Feeling a little rested Bronte slung her bag back over her shoulder then picked up her expensive suitcase. It was one of her mother’s discards. Her mother enjoyed enormously being the wife of a very rich man. Rich men ran the world! Wealth defined the man! Brandt pampered her mother for a good reason. Miranda was always on show as his wife. Her beauty and elegance were legendary and she had a wonderful flair for dressing. Why else would Brandt have married her? It all reflected wonderfully well on his taste.
Otherwise he was far from being a generous man. He had never been generous to Bronte. She would have been walking around in rags, uneducated, if not for the inheritance her own darling father had left her. Her mother didn’t believe in spoiling her either. Worse Brandt was downright mean to his own son. Poor Max who hadn’t inherited any of his father’s abominable skills and bully boy nature. The endless criticisms, the cutting sarcasm, the scorn the two of them had endured. It had been tough to leave fifteen-year-old Max behind, but at least Max had respite at boarding school. He’d even dug in his heels to stay at school through vacations. Something that had affronted their mother who laboured under the monstrous delusion she was a good mother.
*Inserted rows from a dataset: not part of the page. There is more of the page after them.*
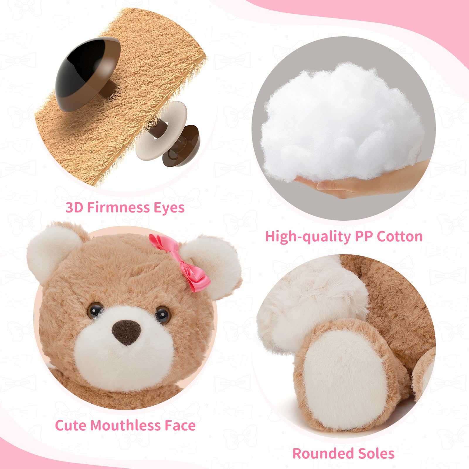 View compareMuiteiur 2 Packs Teddy Bears Bulk, 13.8 Inch Teddy Bear Set with Pink Rose & Bow - No Mouth, Soft Plush Stuffed Animals, for Kid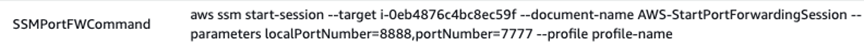 Acesse a console do CloudFormation e lá encontre o comando para realizar o redirecionamento de porta. O comando é uma saída gerada pelo CloudFormation stack com o nome de chave “SSMPortFWCommand”: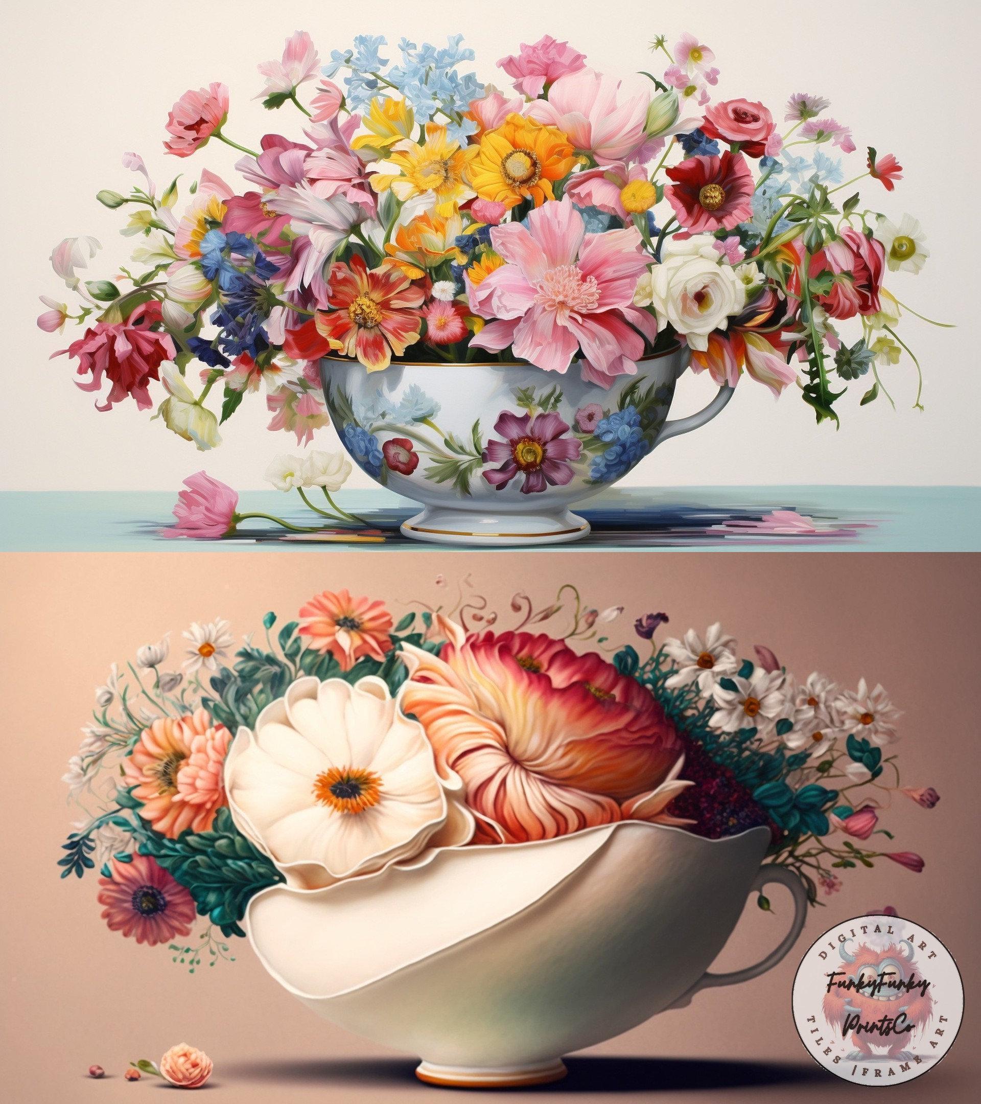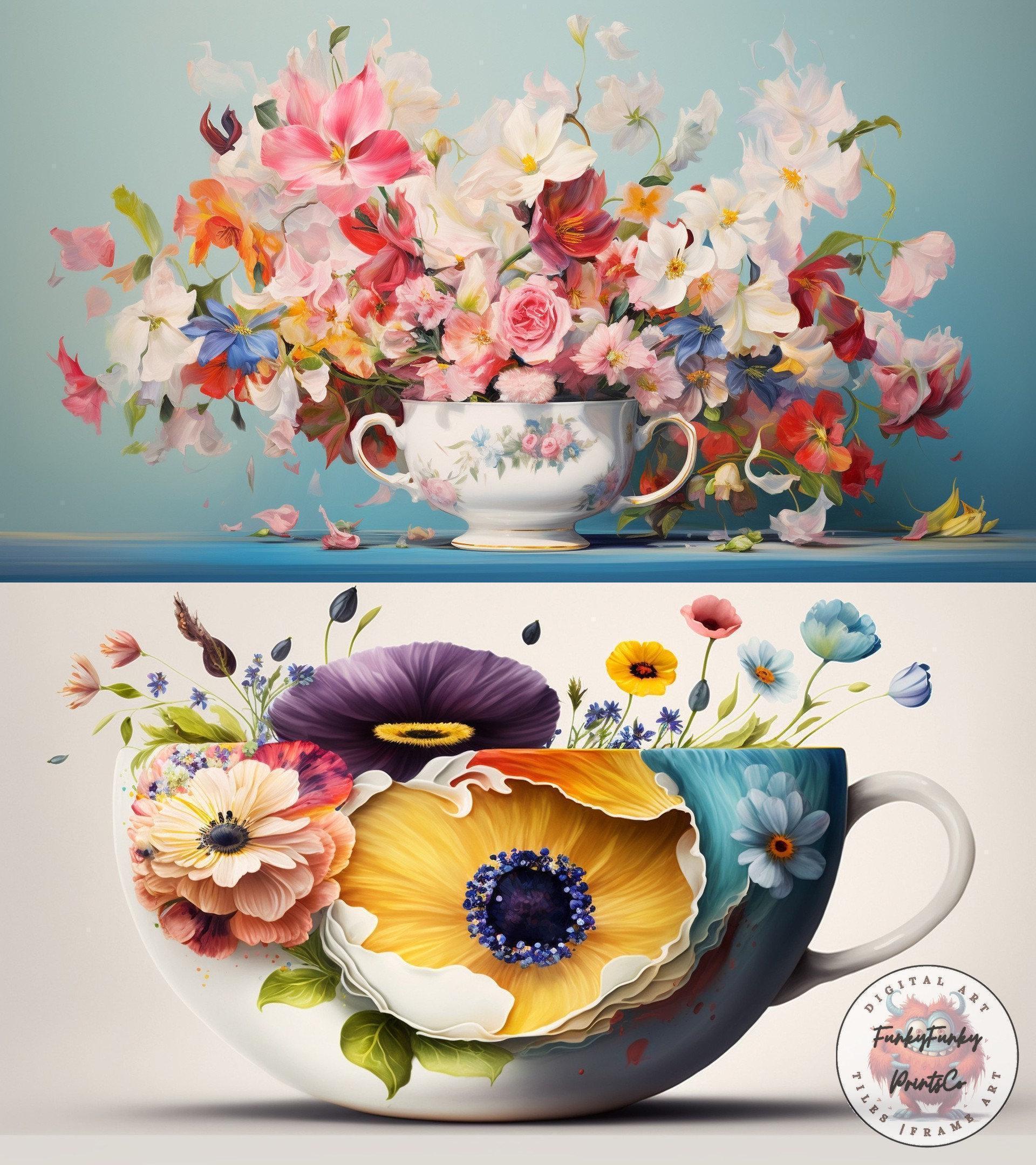 ➤ Bright, colorful digital art featuring floral tea cups that add a lively, modern wall decor element.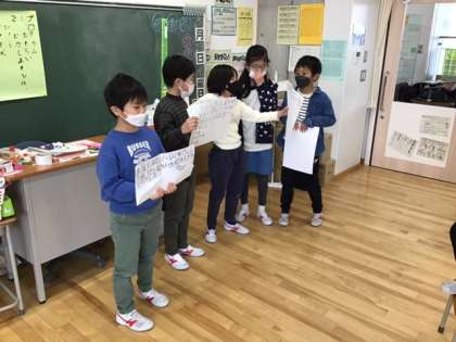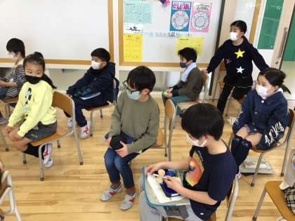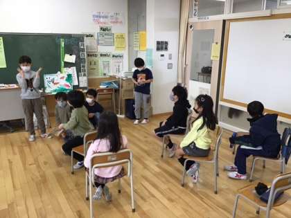 学級活動の時間です。お楽しみ会が始まっています。7つの出し物が用意されています。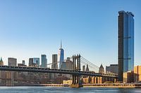 Een foto gemaakt begin november 2022 in de week van de marathon in de namiddag vanaf het water van de skyline van Manhattan met de Brooklyn Bridge op de voorgrond. Op de achtergrond de Freedom Tower en de wolkenkrabber.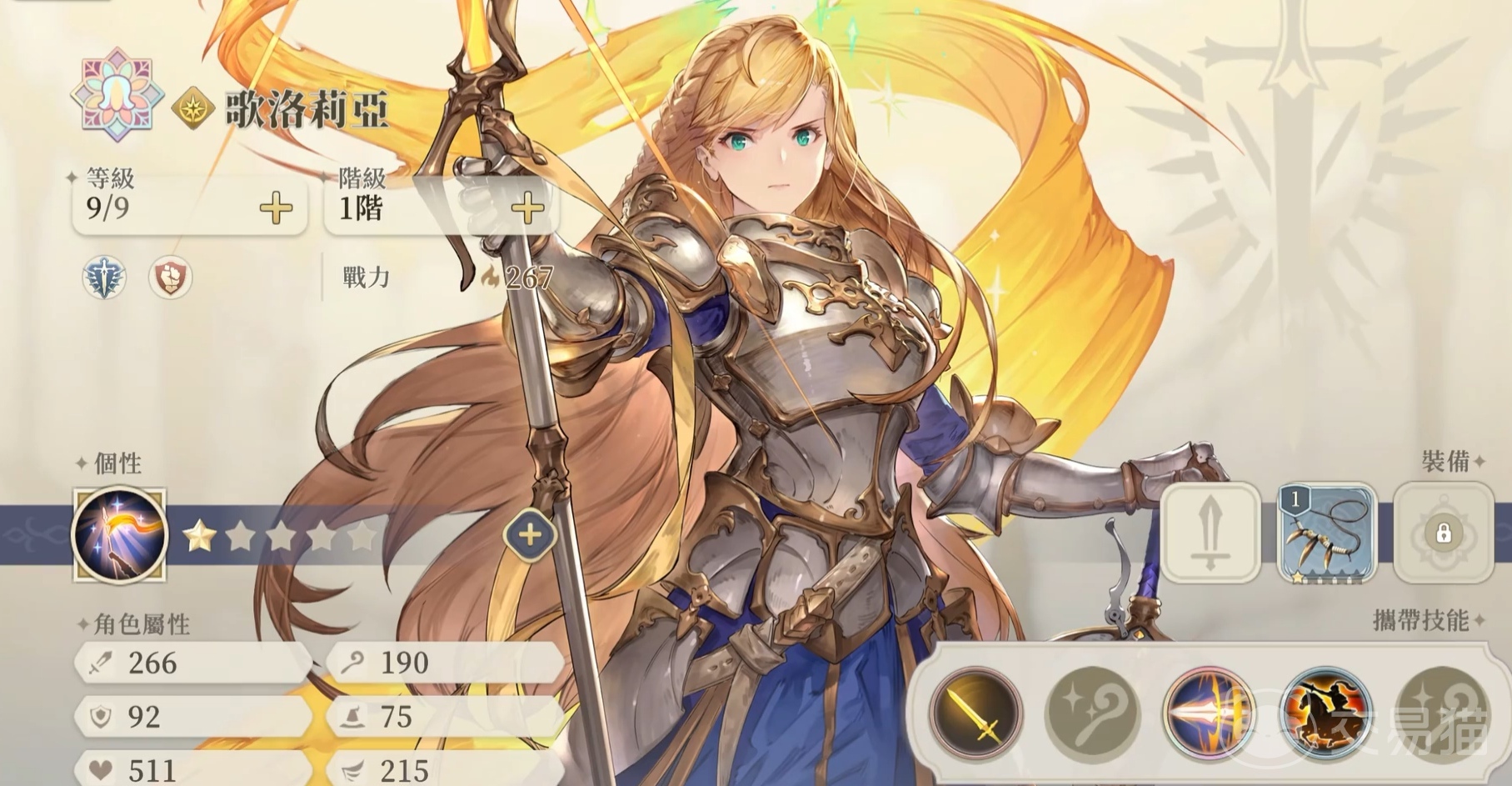 第二位推荐的角色是:歌洛莉亚,她的属性面板非常优秀,个性是【正义的旗帜】,让她的攻击强度提升20%,在开局的时候,该角色就会启动自身的扬旗效果,增加移动效果,并无视敌人身上的防御,给他们造成沉重的一击,强度非常不错。在初始状态下的歌洛莉亚拥有的普攻是【斩击】物理伤害比较强,但是她的这一状态下的职业技能却非常突出,能够选择靠近自身十字范围内的一名敌人,冲锋到他的身边进行攻击,并有击退效果,开荒时期的玩家如果有她的帮助,那刷副本会轻松很多哦!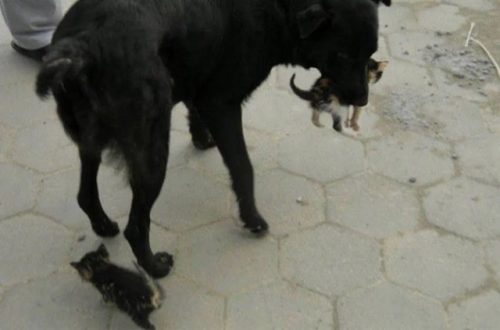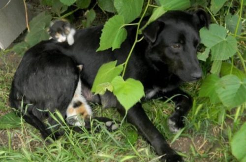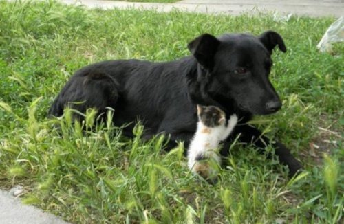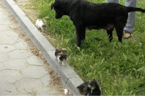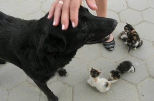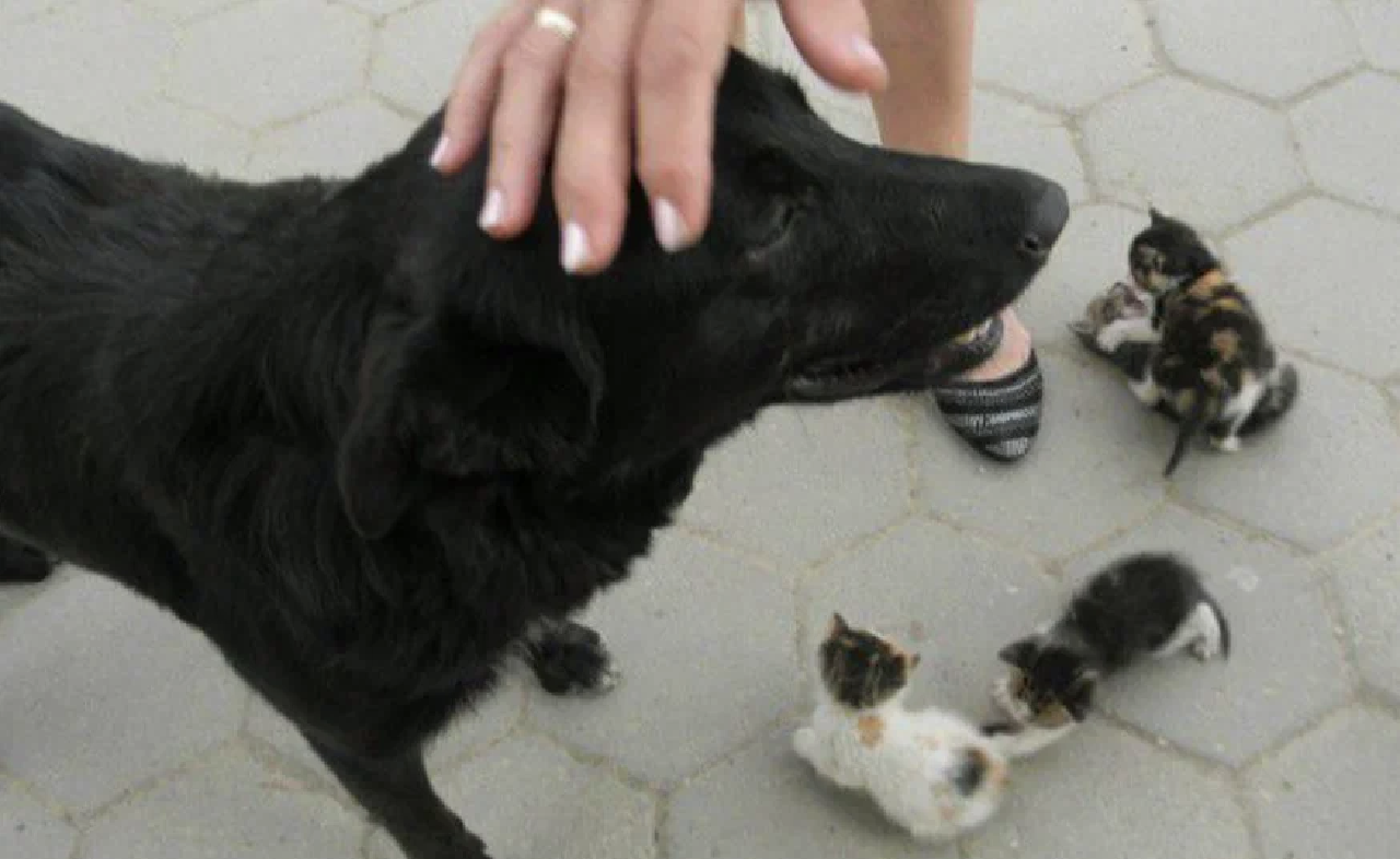 Странное событие произошло на улицах: бездомная собачка, потерявшая своих щенков, обнаружила четырех брошенных котенков. Возраст малышей был приблизительно два месяца. Собака решила заботиться о них, как о своих детях.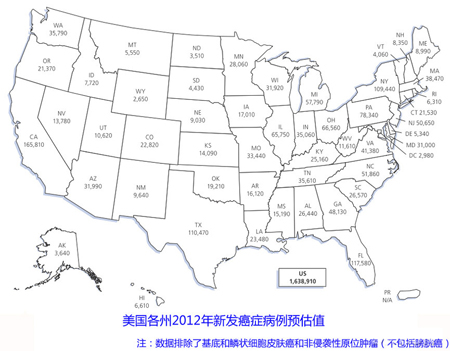 圖1:美國各州2012年新發(fā)癌癥病例預估值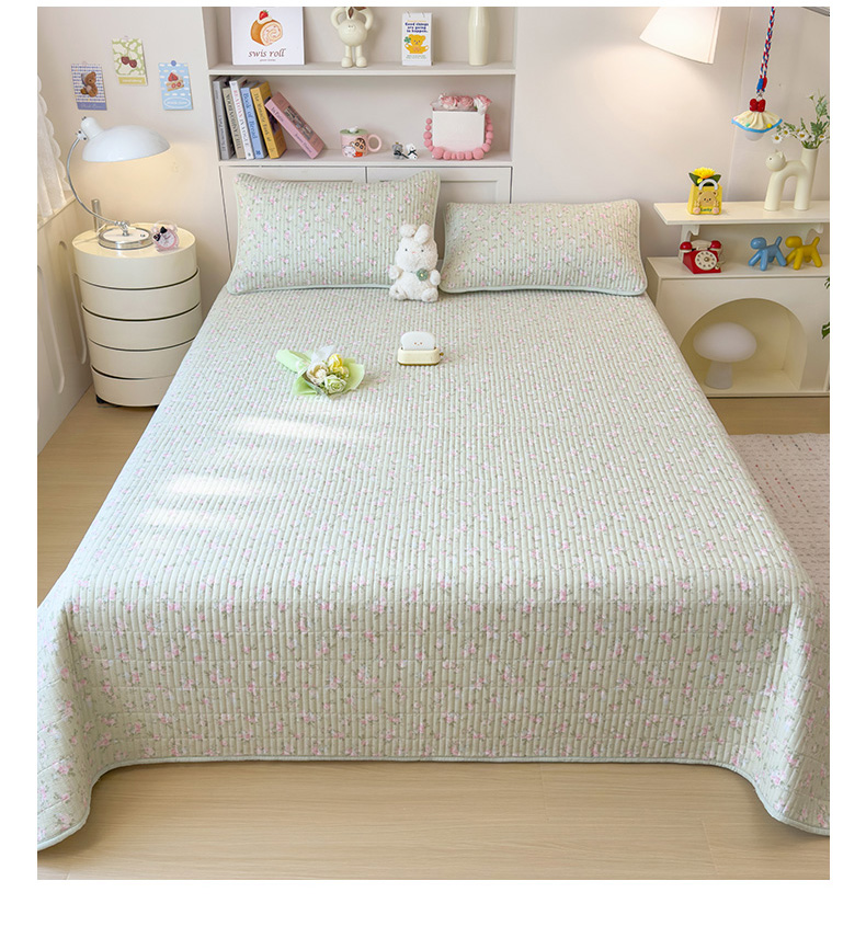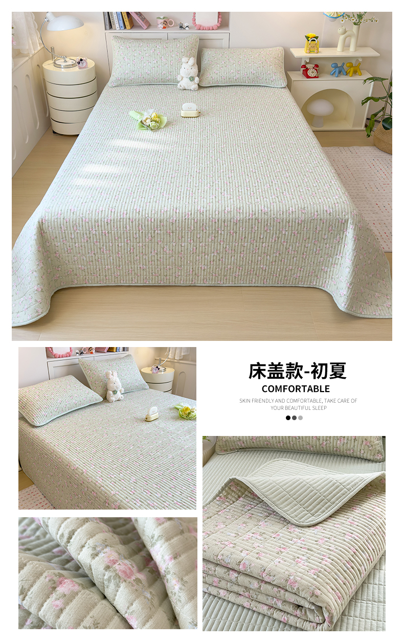 • 91家纺网 家纺一手货源 找家纺 雯豆家纺 2025新品皱皱双层纱床盖泡泡纱床罩保护套 浪漫花语

My sad, dysfunctional family! Bronte thought. There was a crisis every day of the week. She was always amazed she could look so much like her mother yet be nothing like her in her nature and behaviour. It was Gilly who had taught her values, shown her love and understanding. Gilly was the woman of substance not her own mother whom she continued to love even as she despaired of ever having her love returned. Beautiful Miranda who at the drop of a hat—for instance a broken engagement—could turn into a shrieking virago. If Brandt was famous for his lung power, he could on occasion be equalled by her mother.
Bronte staggered on bravely, remembering how Gilly had always called her “plucky.” As a child it had made her laugh. Plucky. For some reason—the obvious clucky—she associated it with Gilly’s chooks. Despite Bronte’s multiple discomforts she was drinking in her surroundings. She loved this place. It was the Garden of Eden complete with the snakes. The countryside was glorious. The coastal corridor north of Capricorn was as lush and bountiful as the Interior across the Great Divide was arid. She adored the rampant blossoming of the tropics. The brilliantly plumaged birds. The colour!